The Railroad pleaded in the alternative to its other causes of action that the County, through its employees, the road-maintenance crew, was acting in its authority for the governmental function of road maintenance when the County "intentionally deposited road-base material on Plaintiff's railroad crossing. Defendant, in essence, used Plaintiff's land as a dumping ground for the remains of its road maintenance work." The Railroad alleged the County's piling the road-base material on the tracks damaged the Railroad's land, made the crossing unsafe, and caused the derailment.
The County argues the Railroad's cause of action is barred because the road-maintenance crew was negligent in laying the road-base material over the crossing, and a cause of action for inverse condemnation does not lie for negligence.
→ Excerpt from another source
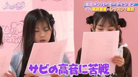 最終審査の課題曲は、ひめらぶの新曲『サンクちゅ』。現役メンバーの安定した歌唱力に合わせ、候補生にも正確な音程取りが厳格に求められます。 特にサビの高音部分には、せあんとるなが苦戦。しかし、自宅での徹底的な自主練習を経て、2週目のレッスンでは見事に音程を修正し、審査員を驚かせる執念を見せました。

See Tex. Highway Dep't v. Weber, 147 Tex. 628, 631, 219 S.W.2d 70, 71 (1949). The County also argues there was not a taking under article I, section 17 because the County did not authorize the dumping of the road-base material on the tracks. See English, 989 S.W.2d at 374. However, the Railroad did not plead negligence under its inverse condemnation cause of action; it pleaded that the placing of the road-base material on the tracks was an intentional act within the authority of the road-maintenance crew carrying out the governmental function of performing road maintenance. The County's arguments require that we weigh the merits of the lawsuit, a task beyond our jurisdiction on this interlocutory appeal. Brown, 80 S.W.3d at 555; Tex. Dep't of Transp. v. City of Sunset Valley, 8 S.W.3d 727, 731 (Tex. App.-Austin 1999, no pet.). In the cases on which the County relies, Weber and English, the trial courts and courts of appeals concluded on the merits there was a lack of intentional conduct, a lack of authorization, and that there was negligence. Weber, 147 Tex. at 630, 219 S.W.2d at 71 (trial court entered findings of fact and conclusions of law and concluded as a matter of law that "damages could not have resulted except from some unauthorized negligent act or omission"); English, 989 S.W.2d at 368 ("At the close of the evidence, the trial court granted English a directed verdict against the County on his inverse condemnation theory."). The cases were not before the appellate courts on interlocutory appeals of rulings on pleas to the jurisdiction. Unlike the courts in Weber and English, we must accept the facts alleged in the Railroad's petition as true and construe them in its favor. Brown, 80 S.W.3d at 555. Although the County may ultimately prevail on the merits based on proof of negligence, lack of intentional conduct, and lack of authorization, its arguments exceed the narrow jurisdictional issue before us.
The County has failed to show the trial court erred in denying the plea to the jurisdiction on the Railroad's inverse condemnation cause of action. We resolve the County's fourth issue against it.
The County did not assert in its plea to the jurisdiction, and does not assert on appeal, that the short period of time that the tracks were covered over prevents there having been a taking. Accordingly, that argument is not before us.
CONCLUSION
We reverse in part the trial court's order denying the County's plea to the jurisdiction, and we dismiss the Railroad's causes of action for nuisance and non-negligent nuisance for want of jurisdiction. We affirm the trial court's denial of the plea to the jurisdiction to the Railroad's inverse condemnation cause of action. We affirm the trial court's denial of the plea to the jurisdiction to the Railroad's negligence cause of action insofar as the Railroad alleges property damage that arises from the County's operation or use of a motor-driven vehicle or motor-driven equipment. We remand the cause to the trial court for further proceedings.